Computer Information Science American River College
Courses

CISP 310: Assembly Language Programming for Microcomputers

Units: 4.00
Prerequisite: CISP 360 (Introduction to Structured Programming) or 480 (Honors Introduction to Structured Programming) with a grade of "C" or better
Hours: 54 hours lecture, 54 hours laboratory
Description: This course covers the organization and behavior of real computer systems at the assembly-language level. Topics include the mapping of statements and constructs in a high-level language onto sequences of machine instructions, as well as the internal representation of simple data types and structures. Numerical computation is examined, noting the various data representation errors and potential procedural errors.

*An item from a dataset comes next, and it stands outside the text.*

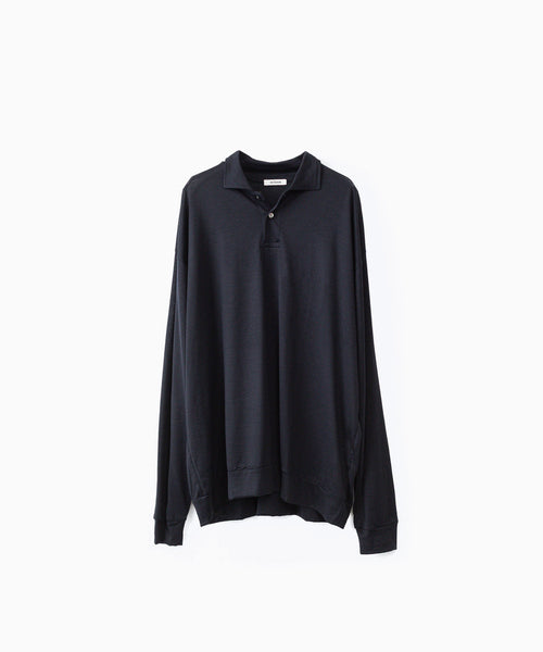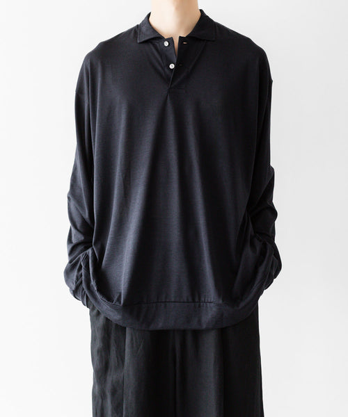 INTÉRIM - インテリムのSILK COTTON JERSEY DEADSTOCK FABRIC HYPER BIG LONG POLO SHIRTのVULCAN

Section 3: Learning Outcomes and Objectives

Upon completion of this course, the student will be able to:

  • write simple assembly language program segments.
  • demonstrate how fundamental high-level programming constructs are implemented at the machine-language level.
  • compare Reduced Instruction Set Computer (RISC) versus Complex Instruction Set Computer (CISC) architectures.
  • diagnose assembly language programs with common and not-so-common defects.
  • structure complex logic into well defined assembly language instruction sequences and subroutines.
  • evaluate common coding mistakes in C/C++ in the context of the underlying assembly language implementation.
  • describe von Neumann architecture and how its components interact.